In all honesty, I've fallen short of my goal to learn something new--every month, that is. There are nonetheless many new things which I've learnt, or am learning; mostly things I never foresaw to add to the Wonder Book's To Learn List: and currently an ongoing one is picking up sign language.
For some background: I am not, despite my incompetence in math and the sciences, a linguist. (something a considerable number of people have assumed I am, based on the above weakness as well as my love for English) I have been in love with English since I could read, and manage neither to disgrace or distinguish the Chinese language (that is, I'm not always sure about the disgrace part; but let's be generous. I did score a 5 for AP Chinese) but otherwise I am quite hopeless at languages. That is partly why I am so desperate to learn tagalog. I need to prove that I belong to the non-math-science race of people. *sarcasm alert*
Thus, when a close friend who had, with truly wonderful natural talent, become amazingly fluent in sign language on her own, started teaching a few of us, there was some doubtful cynicism underlying my enthusiasm. Betcha I'll remember none of this by next week. With that cheerful thought, I proceeded to pick up a handful of signs, convinced it was not going to get me anywhere further than being able to play the game we used to learn a few first signs.

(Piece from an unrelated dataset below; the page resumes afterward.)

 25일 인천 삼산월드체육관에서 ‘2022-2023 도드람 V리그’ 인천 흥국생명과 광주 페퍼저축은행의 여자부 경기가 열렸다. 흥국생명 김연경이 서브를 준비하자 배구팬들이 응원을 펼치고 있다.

With great joy, I am able to proclaim that I misjudged myself. I forgot everything by next week, exactly as I had predicted--that part, unfortunately, was accurate--but somehow or other I continued to learn it again (and forget it) and learn it again. This may sound strange to you, and if it does, you're blessed. Having obviously been endowed with a mental capacity of a terabyte, you will never know the pain of going through education with a goldfish's memory. Basically that is the story of how I learnt any maths at all: learn. forget. cry. repeat. Thankfully homeschooling reduced the amount of crying, or it would have been a way more sadistic parody of Live. Die. Repeat.
So far, I have learnt the alphabet (the basic of basics--so at the very least you can spell everything out, and drive your poor hearing impaired friend and yourself mad with your incompetency) and am vandalizing a little green notebook with horrible looking scrawls and even more horrible looking scribbles (meant to show hand positions which words cannot describe accurately.) Pixar will not hire me, but at least I remember to count five fingers.

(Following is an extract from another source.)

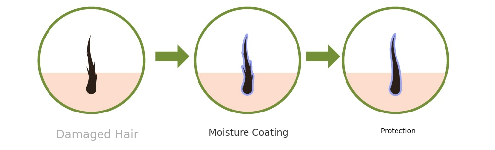 'Non-evaporating ingredient characteristic' Thanks to this, it is very effective in maintaining hair moisture and shine!

I am learning that sign language is actually very much a form of beautifully simplified acting, delicately polished mime. Watching our hearing impaired friend, I realize that he signs with his face, his body, almost as much as his hands. Facial expressions and mouthing the words all help convey meaning, and that full-body involvement/unity in communicating is something I'm incredibly clumsy at. So far, if I get the hands right, I'm making progress. Talk about clumsy. I felt physically like an elephant on the ice rink; I feel mentally and physically like an elephant when I'm signing.
To be sure, I have no idea whether I will ever be legitimately competent in signing--my goldfish memory may plunge me back to square one and the depths of despair. Nevertheless, I shall continue to work at my sign language and train my brain--and body--to multi-task.
On a closing note--I want to share one of the cutest signs! Try it.
Put your thumbs and pinkies down on either hand and hold them up on either side of your mouth. Make sure you open your mouth nice and round and ideally your eyes too for the best effect!
Be proud! You have just expressed a WOW.